Having solaced himself with his first mouthful of tobacco-smoke, he startled me by announcing that he meant to remove Lucilla forthwith from Dimchurch to the sea-side. In doing this, he was actuated by two motives—first, the medical motive of strengthening her constitution: second, the personal motive of preserving her from making painful discoveries by placing her out of reach of the gossip of the r
ectory and the village. Grosse had the lowest opinion of Mr. Finch and his household. His dislike and distrust of the rector, in particular, knew no bounds: he characterized the Pope of Dimchurch as an Ape with a long tongue, and a man-and-monkey capacity for doing mischief. Ramsgate was the watering-place which he had fixed on. It was at a safe distance from Dimchurch; and it was near enough to London to enable him to visit Lucilla frequently. The one thing needed was my co-operation in the new plan. If I was at liberty to take charge of Lucilla, he would speak to the Ape with the long tongue; and we might start for Ramsgate before the end of the week.
Was there anything to prevent me from carrying out the arrangement proposed?
There was nothing to prevent me. My one other anxiety apart from Lucilla—anxiety about good Papa—had now, for some time, been happily set at rest. Letter after letter from my sisters in France, brought me always the same cheering news. My evergreen parent had at last discovered that he was no longer in the first bloom of his youth. He had resigned to his juniors, with pathetic expressions of regret, the making of love and the fighting of duels. Ravaged by past passions, this dear innocent had now found a refuge from swords, pistols, and the sex, in collecting butterflies and playing on the guitar. I was free wholly to devote myself to Lucilla; and I honestly rejoiced in the prospect before me. Alone with her, and away from the rectory (where there was always danger off gossip reaching her ears) I could rely on myself to protect her from harm in the present, and to preserve her for Oscar in the future. With all my heart I agreed to the arrangements as Grosse proposed them. When we parted in the garden, he went round to the rector’s side of the house to announce (in his medical capacity) the decision at which he had arrived—while I, on my side, went back to Lucilla to make the best excuses that I could invent for Oscar, and to prepare her for our speedy removal from Dimchurch.

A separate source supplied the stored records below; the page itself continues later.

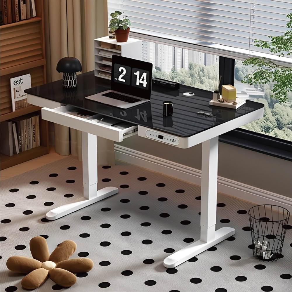 ANDYMAY2阿姆斯無段式電動升降桌-單機抽屜款 140x60CM|靜音操控 高承重(書桌 辦公桌 工作桌)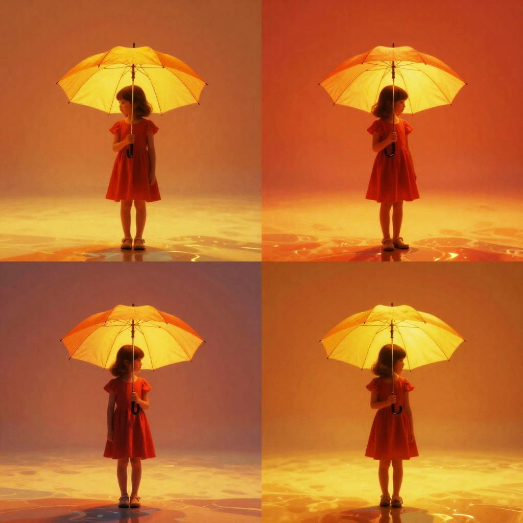 Photograph of a young girl in four quadrants, each with a distinct warm orange and yellow gradient background. She stands centered, holding a glowing orange umbrella that casts a soft light on her. She wears a red dress with short sleeves and red shoes, her blonde hair loose. The umbrella's light creates a reflective pool on the floor beneath her. Each quadrant shows a slightly different angle, emphasizing the umbrella's glow and the girl's silhouette. The overall mood is warm and ethereal.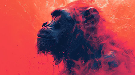 Chimpanzee in a red liquid. Red and black colors.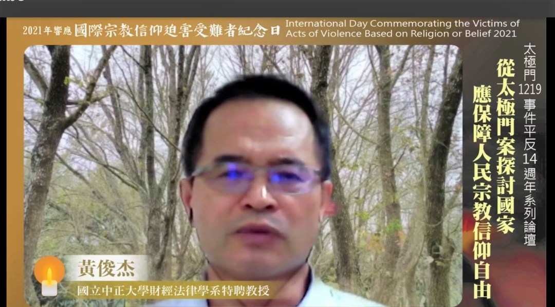 黃俊杰教授強調,台灣在施行國際人權兩公約後,於釋字第709號解釋第一次確認人民的財產權,不單純價值替換的補償,他還有一定的存續的保障,所以後來對文林苑還有苗栗的張藥房,我們都認為人民生存根基的這個土地和房屋,跟他的生命和家庭是永續的並存。因此,太極門因刑事冤案衍生出來的80〜85年度違法稅單,行政機關在自我更正了五個年度為零後,卻將事實認定錯誤、適用法律錯誤及枉法裁判的81年度稅單強制執行,這不只是單純的財產權的侵犯,他是文化宗教信仰的侵犯。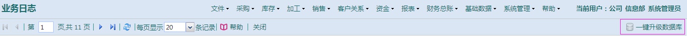 登录系统,进入模块“业务日志”,单击“一键升级数据库”。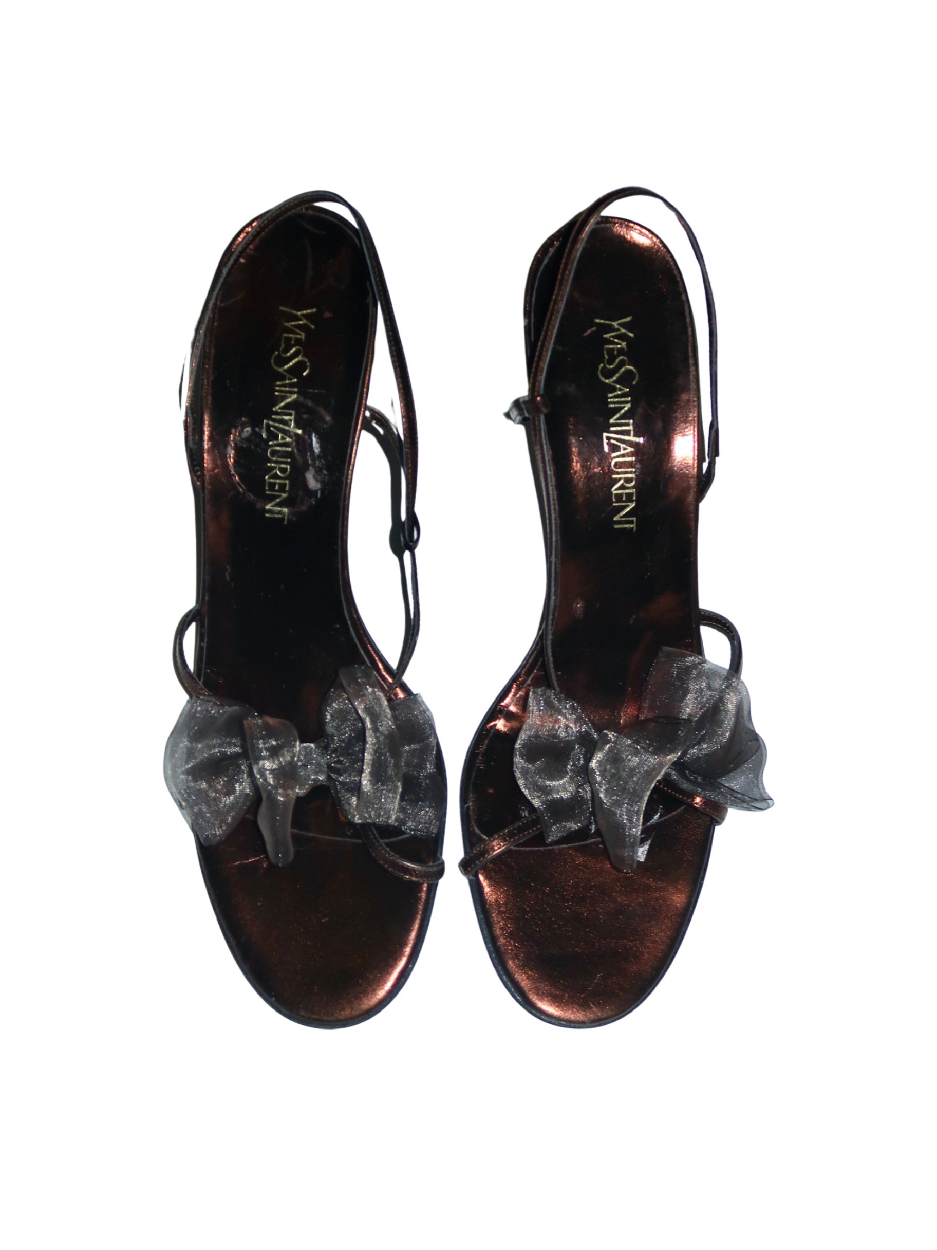 Yves Saint Laurent Bronze Bow Slingback Heels - US 10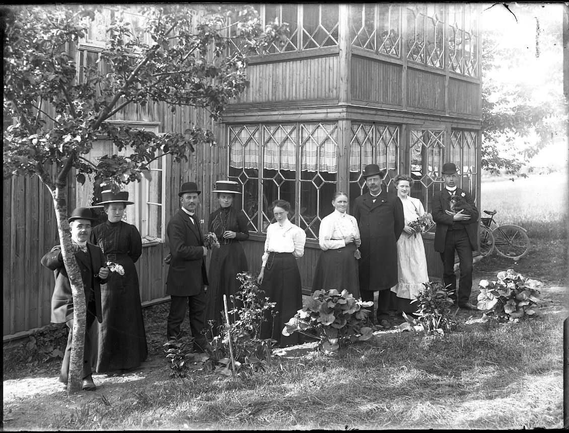 Nio kvinnor och män en inglasad veranda i två våningar med snickarglädje.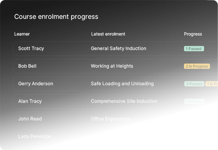 Intuitive administration tools and dashboards empower you to know where your people are up to in their training in real time, including detailed SCORM activity.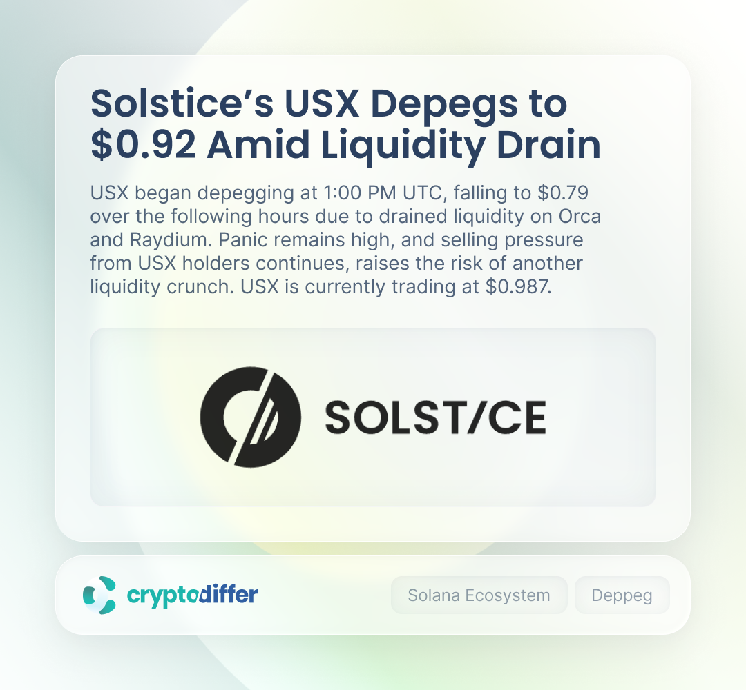 Solstice’s Stablecoin USX Depegs to $0.92 Following Liquidity Drain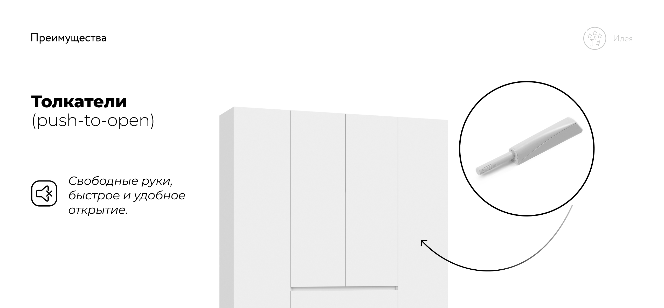 Линейка распашных шкафов Идея — про лёгкость пространства и дисциплину вещей. Чистые фасады не спорят с интерьером, отражают свет и визуально разгружают комнату.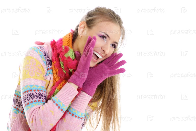 Девушка кричит на белом фоне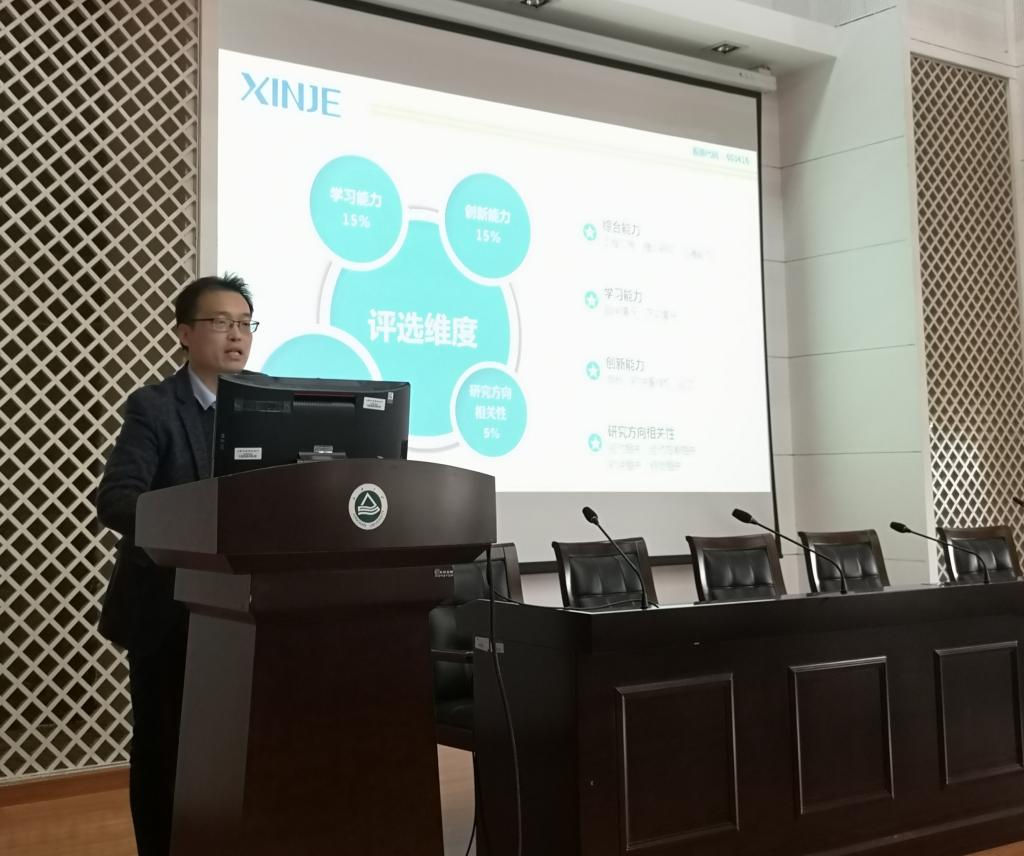 陈世恒代表信捷公司对“信捷奖学金”评选细则做了讲解,并对企业发展历程、核心产品、业务与经营情况等进行了宣讲介绍,鼓励学生积极申报“信捷奖学金”,并对大家到信捷公司实习和工作表示诚挚欢迎。他以风趣幽默的语言和干货满满的内容,激发了在场学生热情高涨。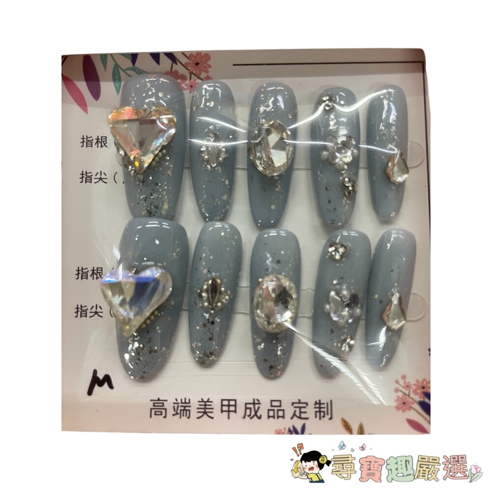 造型甲片+膠+收納盒 穿戴甲 藍色帶鑽
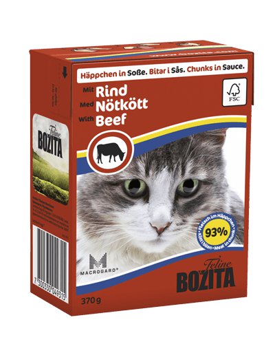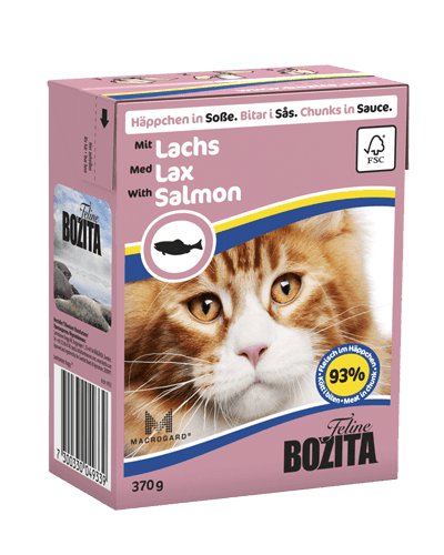 Kawałki w galaretce Bozita to smaczna mokra karma dla kotów oparta na surowcach jakości. Duża zawartość mięsa i mała ilość tłuszczu oraz naturalnie zbilansowana zawartość witamin i składników mineralnych.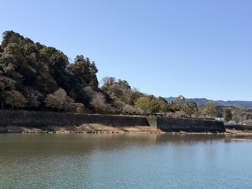 球磨川を挟んで、対岸は人吉城の石垣です

“Gone, without coming to say good-bye! Gone, without even writing to me!”
There was the first impression I produced on her, when I had done my best to account harmlessly for Oscar’s absence. I had, as I thought, taken the shortest and simplest way out of the difficulty, by merely inverting the truth. In other words, by telling her that Nugent had got into some serious embarrassment abroad, and that Oscar had been called away at a moment’s notice, to follow him and help him. It was in vain that I reminded her of Oscar’s well-known horror of leave-takings of all kinds; in vain that I represented the urgency of the matter as leaving him no alternative but to confide his excuses and his farewells to me; in vain that I promised for him that he would write to her at the first opportunity. She listened, without conviction. The more perseveringly I tried to account for it, the more perseveringly she dwelt on Oscar’s unaccountable disregard of her claims on his consideration for her. As for our journey to Ramsgate, it was impossible to interest her in the subject. I gave it up in despair.